CS 324: k-Nearest Neighbor Classifier

One of the main ways that nearest neighbors are used is for a k-NN (k-nearest neighbor) classifier, which is attempts to classify an item based on the classifications of neighbors around it.

The dataset that you'll use for this assignment is some very old anonymized data regarding Carleton's writing portfolio. You can find it on the department network in /Accounts/courses/cs324/writingportfolio.xlsx. The only reason I can even distribute this is because it is so old and it is anonymized; nonetheless, please do not distribute it any further. It is in Excel, which is a way data is often distributed in the "real world," so you'll need to figure out how to get the data out and into your programming environment of choice. Once you've done so, throw away "Project ID" (for purposes of most of the exercise, but you'll need it later see below), and isolate the "needs work" column as separate from the rest of the data. This last column is your actual classification you are trying to predict: a value of 1 for "needs work" means the student was deemed to not have a successful writing portfolio.

Part 1

Standardize the remainder of the data (after ignoring the above two columns). Submit your standardized data, with "Project ID" and "needs work" columns appended back on, in some easy-to-read format, along with the code that you have used to generate it.

Part 2

Write a program to loop over each item in the dataset, using the above standardized version, and for each find its nearest neighbors for k = 1, 3, 5, 7, and a few others based on your intuition. Make sure not to accidentally include the item itself as one of its nearest neighbors! Pretend that you don't know the correct classification of the item (Needs Work or not), and have the neighbors vote on what they think the classification should be. Compare the classification you estimate to the actual classification, and determine the percentage that you actually get correct.

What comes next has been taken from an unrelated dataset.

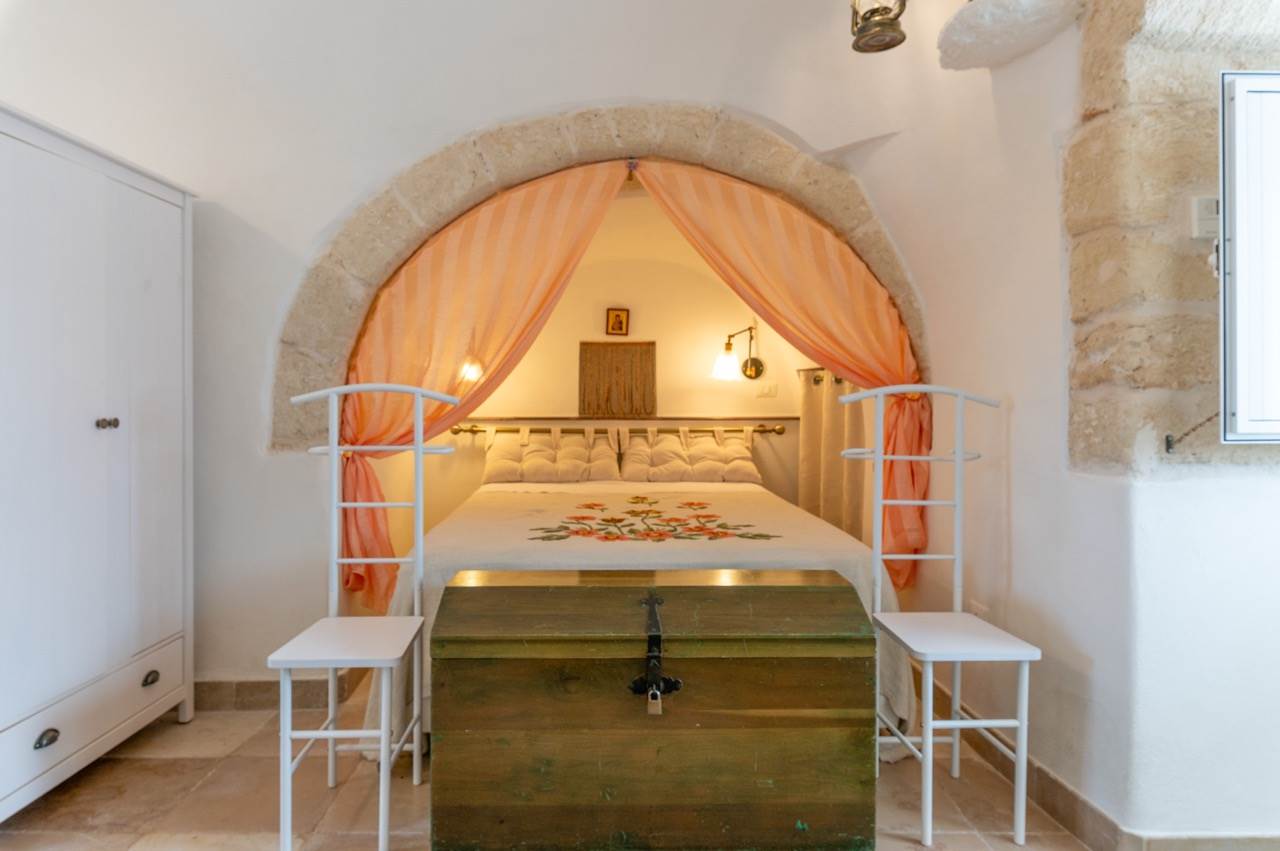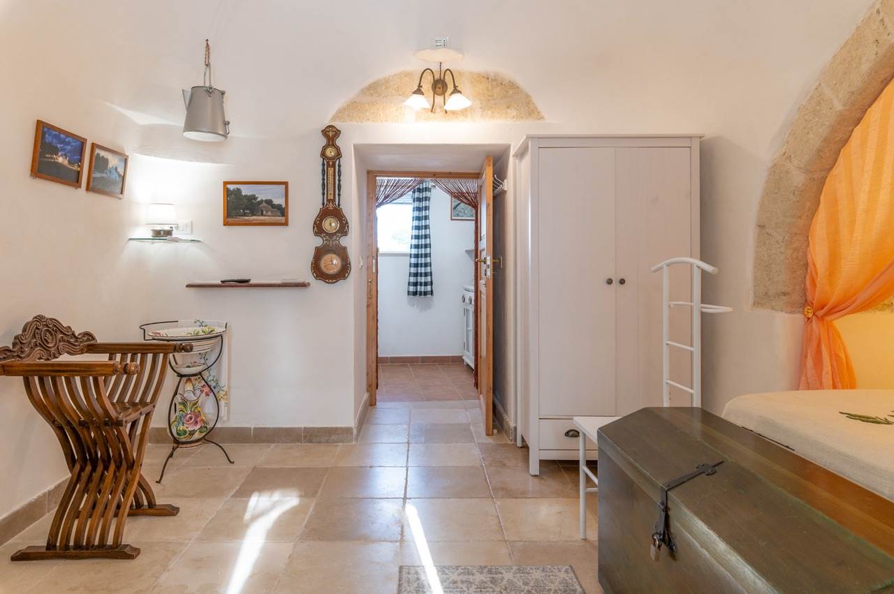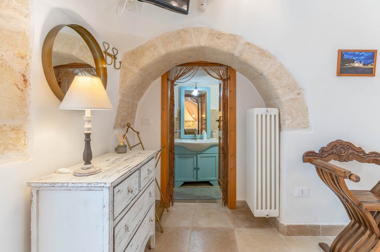 The sleeping area, obtained inside the trullo, includes two double bedrooms, each with en suite bathroom with shower.
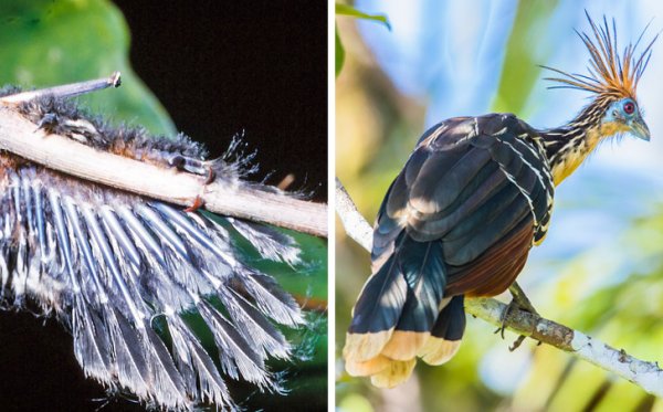 Это гоацин. Вроде бы обычная экзотическая птичка. Но у нее есть уникальная особенность.Ее когти находятся на крыльях.

Try your technique for both Euclidean distance and Manhattan distance, and plot your results for each for a variety of values of k.

In order to assist the graders, your program should also print out the predicted classification (the results of the vote) for each project ID. Make it easy for the graders to pick a value of k and a distance metric (Euclidean or Manhattan distance) when they run your program.

I haven't tried this technique myself on this particular dataset, so I'm curious as to what you'll get. On one hand, it would be amazingly cool if you can get pretty good classification rates. On the other hand, if you can succeed at this with high accuracy, it might have scary implications regarding the relevance of the entire writing portfolio exercise. What will you find?

In addition to submitting your code, you should turn in the plots that you generate, as well as a short description of your results.